German businessman (1802-1858)

Christian Dingler (15 February 1802 - 18 December 1858) was the founder of the Dingler manufacturing business at Zweibrücken (subsequently subsumed into Terex Cranes Germany) and the Creator of the Dingler Press.

== Life ==
Christian Wilhelm Nikolaus Dingler was born in Zweibrücken, which at the time had recently been annexed into France. After leaving school Dingler embarked upon an apprenticeship at his father's metal working business. By the time he completed his training his apprenticeship had included periods working both at home and abroad.

In 1827 he founded the "Dinglerwerk" business, employing ten people at a premises in the old town centre, producing oil mills, sawmills and, in particular, hand-operated printing presses. Dingler invented a form of Toggle press which he called the "Zweibrücker-press" but which became known as the "Dingler Press". The success of the Dingler Press across much of Europe funded a rapid growth of the business.

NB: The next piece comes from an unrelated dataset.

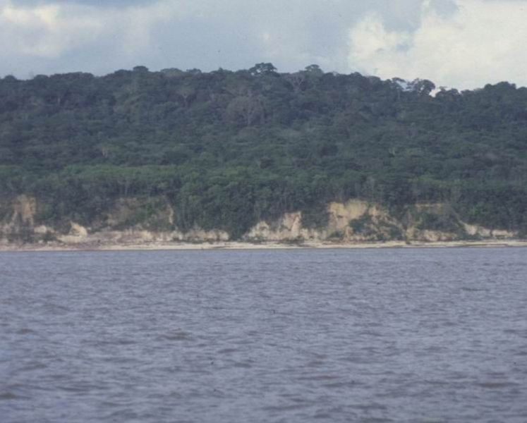 Tocantins River created by he:משתמש:בן הטבע

In 1834 he was able to purchase the Schönhof Farm on the edge of town to which he moved his factory, quickly expanding it. It was now that he formally founded what is claimed to be where industrialisation in Zweibrücken began. Further expansion followed in 1838 with the installation of a new iron and steel foundry and construction of the first steam engine production facility in the Pfalz region. He began manufacturing steam engines (Beam engines) in 1843. By this time he had already begun, in 1842, to manufacture railway wagons. The timber superstructures of these wagons were made from long pieces of timber and a large carpentry workshop was constructed in which these timber pieces could be worked. The foundry, which by 1848 incorporated a 20-ton hammer, also enabled him to start producing water wheels and turbines. By this time the factory complex was employing 80 people.

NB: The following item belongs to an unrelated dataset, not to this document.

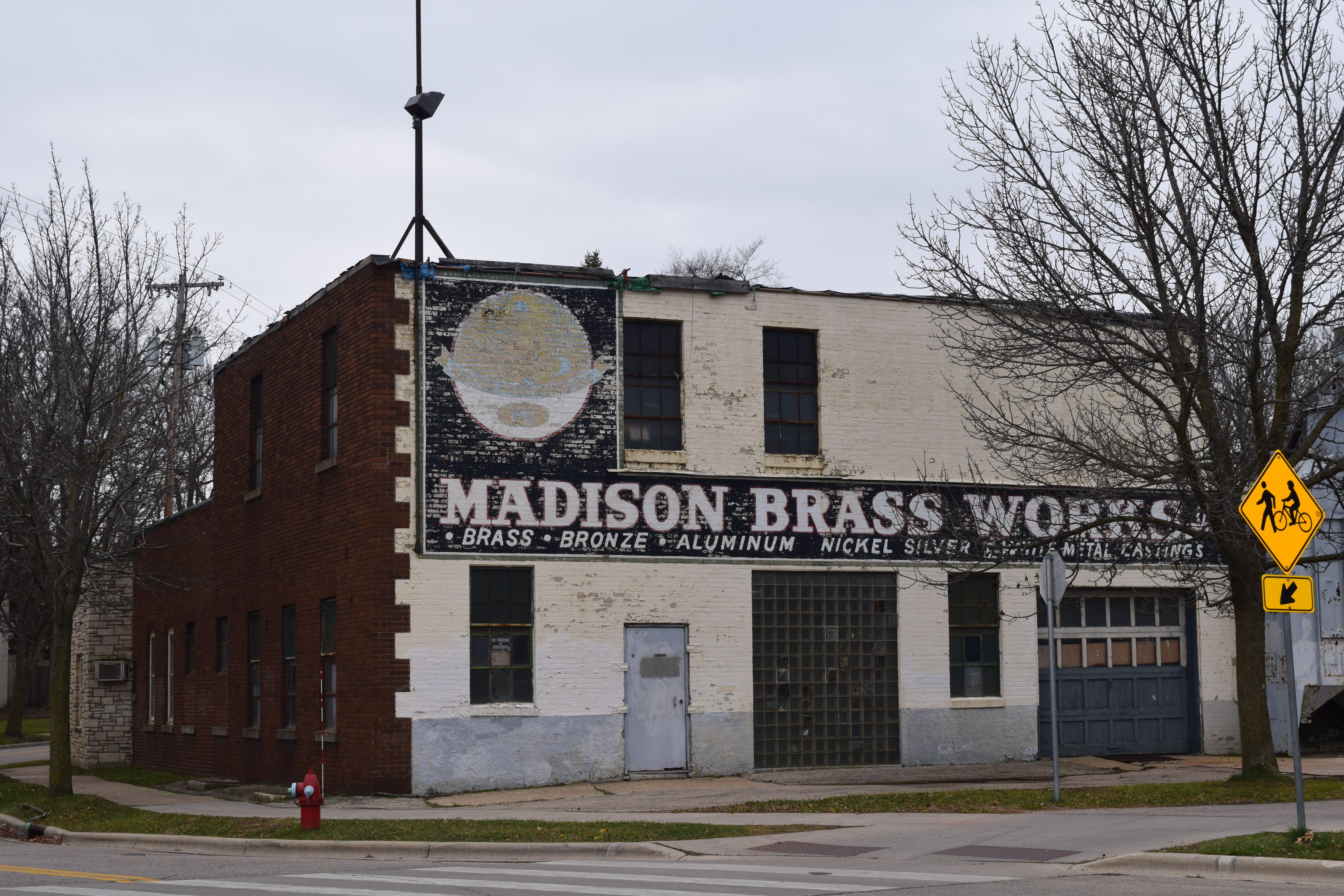 The Madison Brass Works, located at 206-214 Waubesa St. in Madison, Wisconsin.

Expansion continued. Disaster struck in 1853 when a larger fire in workshop 17 destroyed 17 finished rail wagons, and the preparatory production for a further 100, but the building was reconstructed within six weeks and production resumed. By 1857 a large adjacent site had been acquired and the original foundry had been replaced by a larger one, making further expansion possible. This was the year in which the Dingler Works acquired a rail link, making it possible to deliver locomotives and wagon directly to the network instead of having to move the heavy freight cars down the road to the main railway line at Homburg using horses.

Dingler was involved in other industrial project s in the area. He was a co-founder of the important Frankenholz coal mine, for which he placed the "ground stone". Another large project was the manufacture of ships' boilers for the German navy.